Following the 2003 merger of two land transport companies (Comfort Group and DelGro Corporation), one of the world’s largest land transport companies – ComfortDelGro Corporation Limited (C52.SI) was formed (No prizes for guessing how they came up with the new name). With over 46,303 vehicles over 7 countries, CDG stood as one of the largest land transport companies in the world. Just within the CDG umbrella, there were not one but two listed subsidiaries – VICOM Limited (V01.SI) and SBS Transit Ltd (S61.SI) with shareholdings of 67.07% and 75.11% respectively.
Broadly speaking, what a transportation company does is simple. Sending people from Point A to Point B.
And here’s a brief rundown of CDG’s top 3 revenue contributors:
1. Bus (S$2.1 billion | 50.7% of FY2014 Rev)

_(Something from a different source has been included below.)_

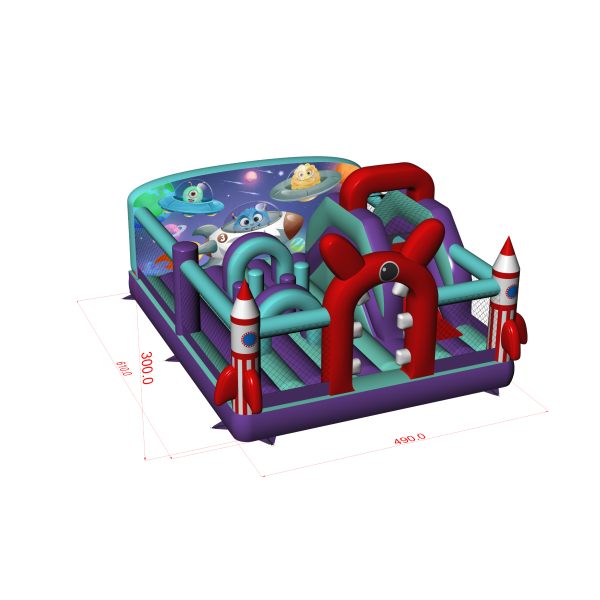 A Felfújható játszótér 6x5 - Űrtémájú kombináció elsősorban azoknak a gyerekeknek készült, akik kalandra vágynak barátaikkal és kortársaikkal való játék közben. A felfújható játszótér körülkerített és puha felületű, így használata teljesen biztonságos. Rendszerint egy nagyobb és egy kisebb csúszda található benne, ezért különböző korú gyerekek is élvezettel játszhatnak rajta. A Felfújható játszótér 6x5 - Űrtémájú kombináció kiválóan alkalmas családi piknikekre, csapatépítő vagy céges rendezvényekre és más típusú eseményekre – legyenek azok szabadtériek vagy beltériek. A felfújható játszóterek remek alternatívát jelentenek a nagyobb és igényesebb felfújható attrakciókkal szemben. Különösen ajánljuk ezt az attrakciót kezdő vállalkozások számára.
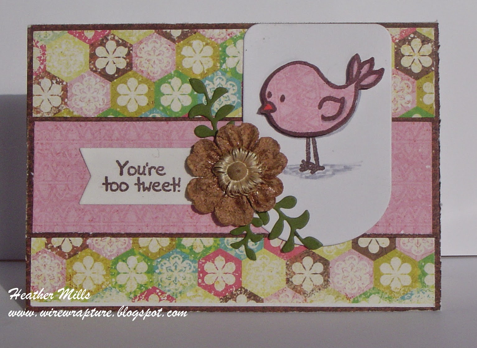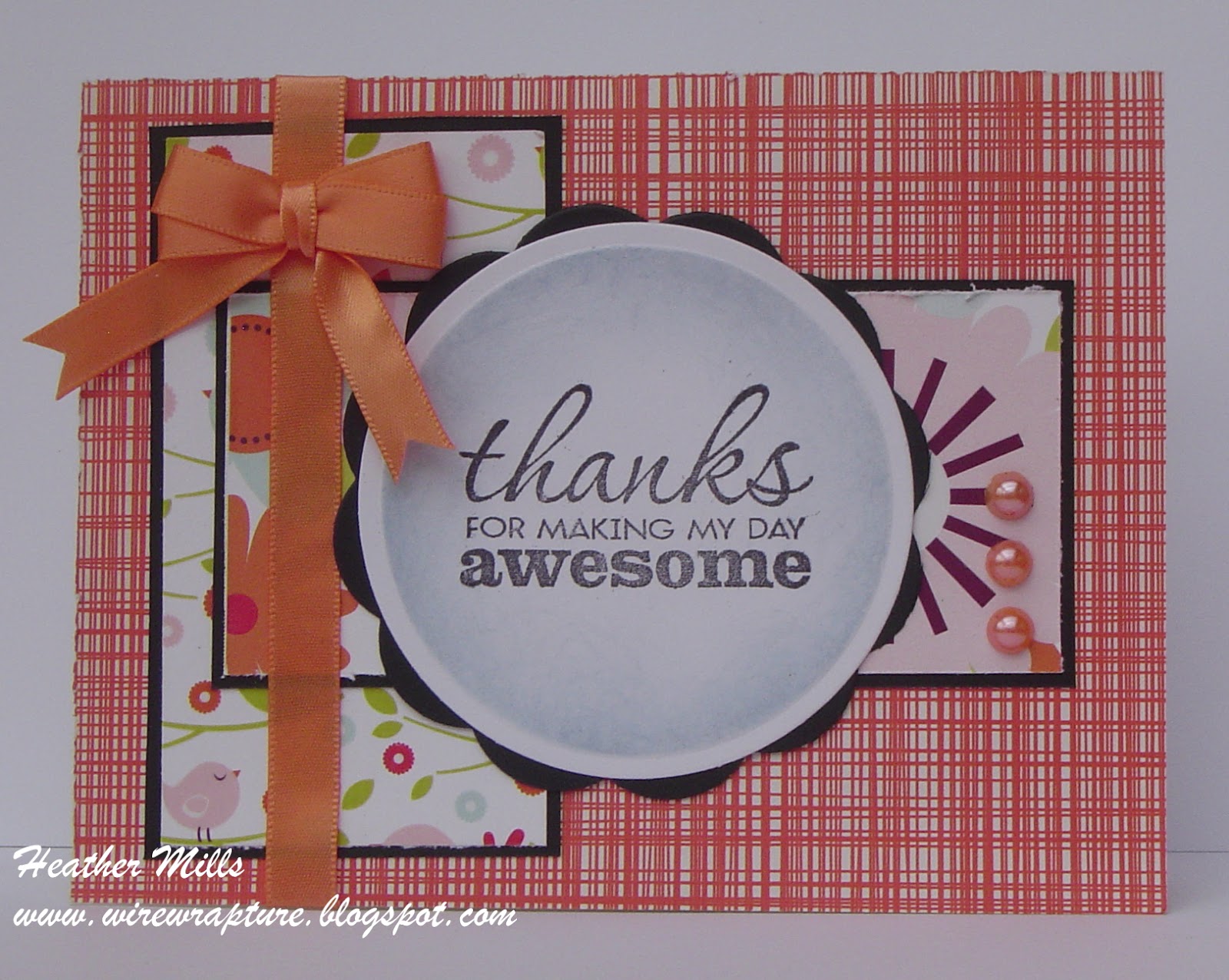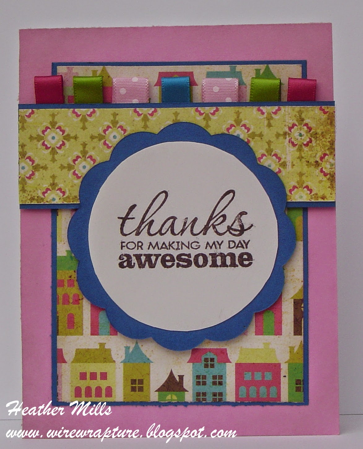 Here's another fun card using an item from my "bits and pieces" stash. This patterned oval has been in the stash for at least 2 years!! I just wasn't sure what to do with it, because the pattern was a little strong to stamp over. But then I started thinking about vellum and knew it would soften it up enough to allow the pattern to show, but not overwhelm the sentiment. Yeay! Another difficult piece used. And it is what inspired the color combo. It's a bit bright, but I think it's rather pretty.

Not only was CDG the market leader in Singapore’s public scheduled bus services with SBS Transit’s fleet of 3,448 buses (average daily ridership of 2.75 million – In 2014, SG population was ~5.5 million), they were also the largest private bus chartering company with another 350 buses.

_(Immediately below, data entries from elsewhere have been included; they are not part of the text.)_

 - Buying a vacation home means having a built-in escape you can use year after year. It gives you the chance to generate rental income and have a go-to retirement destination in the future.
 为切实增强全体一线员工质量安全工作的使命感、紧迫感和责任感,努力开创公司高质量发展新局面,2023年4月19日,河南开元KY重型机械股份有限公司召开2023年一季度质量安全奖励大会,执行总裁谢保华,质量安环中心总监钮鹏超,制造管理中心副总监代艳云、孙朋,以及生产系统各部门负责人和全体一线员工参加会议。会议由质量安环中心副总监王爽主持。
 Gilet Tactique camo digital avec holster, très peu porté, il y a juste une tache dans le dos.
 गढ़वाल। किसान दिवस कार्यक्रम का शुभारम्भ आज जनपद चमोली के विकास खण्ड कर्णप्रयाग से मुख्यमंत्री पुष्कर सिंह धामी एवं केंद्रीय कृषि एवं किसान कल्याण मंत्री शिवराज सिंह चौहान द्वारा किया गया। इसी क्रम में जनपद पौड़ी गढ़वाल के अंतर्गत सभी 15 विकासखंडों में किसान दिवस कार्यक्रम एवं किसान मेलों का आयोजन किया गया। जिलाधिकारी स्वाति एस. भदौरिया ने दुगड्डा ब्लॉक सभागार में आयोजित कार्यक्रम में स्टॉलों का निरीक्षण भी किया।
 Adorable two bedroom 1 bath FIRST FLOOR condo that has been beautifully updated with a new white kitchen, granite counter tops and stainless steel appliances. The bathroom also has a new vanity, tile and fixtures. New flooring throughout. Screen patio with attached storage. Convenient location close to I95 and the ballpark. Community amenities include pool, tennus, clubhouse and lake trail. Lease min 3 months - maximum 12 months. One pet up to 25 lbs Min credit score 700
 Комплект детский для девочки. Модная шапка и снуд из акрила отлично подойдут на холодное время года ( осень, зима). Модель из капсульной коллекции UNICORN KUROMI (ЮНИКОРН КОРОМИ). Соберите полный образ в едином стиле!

Next up let’s look at their London bus operations. After CDG’s 2013 acquisition of West London (renamed under CDG’s Metroline brand) bus operations from First Group plc for S$111 million, CDG’s London operation totalled over 1,700 buses, moving up the ladder to become London’s second largest operator with a market share of over 18% (from 14%) of London’s bus market.

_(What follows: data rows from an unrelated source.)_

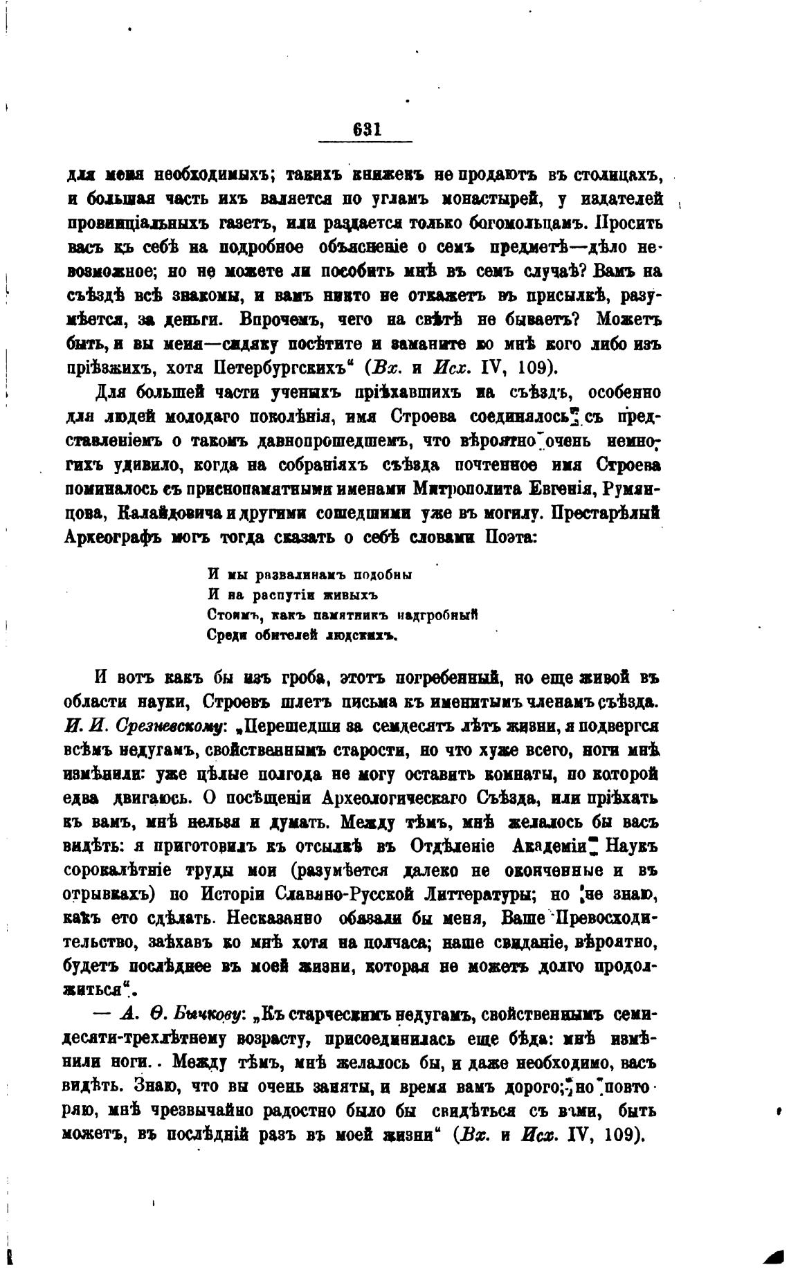 И. И. Срезневскому: „Перешедши 83 сидес.ать двть жизни, а подверти
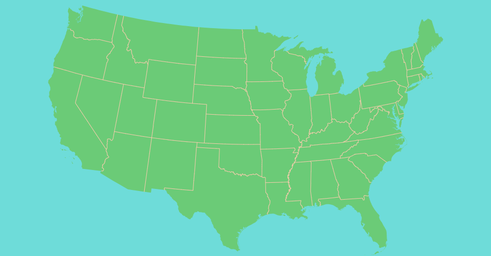 A US map showing states boundaries from US Atlas TopoJSON, polished for visual style, including graticules.
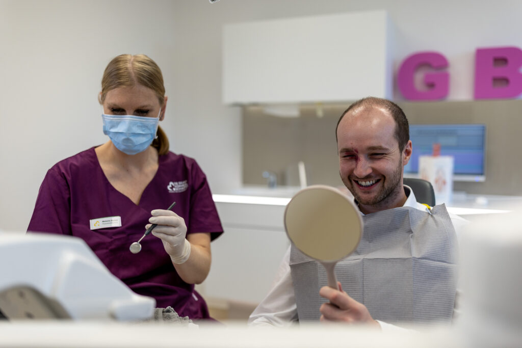 Ein Bleaching, also das Aufhellen der Zähne, kann Ihnen strahlende, weiße Zähne schenken. Dabei gibt es verschiedene Möglichkeiten des Bleachings. Sprechen Sie uns einfach an. Wir gehen ganz individuell auf Ihre finanziellen Vorstellungen und Möglichkeiten ein, sodass Sie am Ende des Tages mit einem strahlenden Lächeln nach Hause gehen. Bleachings sind, in der Zahnarztpraxis ausgeführt, im Allgemeinen unbedenklich, zuvor sollten wir jedoch Ihre Mundgesundheit überprüfen.

Lastly we move on to the land of Down Under. CDG’s Australia bus operations have also seen recent action, specifically investments in buses and coaches plying the famed Blue mountain touristy hotspot. And with a fleet of 1,697, buses are the name of the game in Australia with this segment contributing ~94% of Australia’s revenue.
2. Taxi (S$1.3 billion | 31.7% of FY2014 Rev)
With a much higher operating margin of 12% compared to Bus’s 8%, CDG has Taxi operations not only in SG but also in places like China (Top players in Beijing, Jilin City, Shenyang, Chengdu, etc) and Perth, Australia (With 2,025 taxis, CDG’s fully –owned subsidiary Swan Taxis has a whooping 93% market share of Perth’s market).
However with that being said, the bulk of revenue still came from Singapore. With a total fleet of 16,855 taxis (Comfort and Citycab), CDG (2014) made up a massive 58% of Singapore’s taxis out there on the road. CDG’s SG Taxi operations are particularly interesting as compared to the more regulated Bus and Rail operations (Fares set by the PTC) because the taxi industry appears to have relatively more freedom in terms of pricing.
Bus and Rail: Public bus and train services are provided on a commercial basis, within the maximum fares approved by PTC. The Government does not provide direct subsidies for public transport operations.
Also unlike CDG’s Bus and Rail operations, their Taxi segment functions more like a rental type of business. How the money rolls in is by the fares CDG charges the drivers to rent their vehicles with prices varying from S$75-S$105 per day. In a context of a brick and mortar business, you could simply imagine the taxi as a store where drivers (like entrepreneurs) pay rent to use the space in order to attract customers to provide customers a service (getting from point A to point B) in exchange for $.
3. Automotive Engineering Service (S$0.3 billion | 7.5% of FY2014 Rev)
What does this segment really do? To put it simply, this SG based operation by CDG Engineering Pte Ltd is essentially a vehicle garage doing repairs and maintenance for not only in-house vehicles (i.e taxis), they also have a corporate contracts with a notable new customer – Singapore Airlines Engineering Company to maintain its fleet of airport vehicles!
Some of its other businesses include being the accident reporting centre for 18 insurance companies (2014) and CDG Engineering also does vehicle assembly (buses) for their subsidiary SBS Transit.
Rail (5% of FY2014 Rev): Operator of the Northeast Line (NEL) and also the Downtown Line (DTL) in SG.
Inspection and Testing Services (3% of FY2014 Rev): VICOM Pte Ltd (The go-to place for vehicle inspection in SG).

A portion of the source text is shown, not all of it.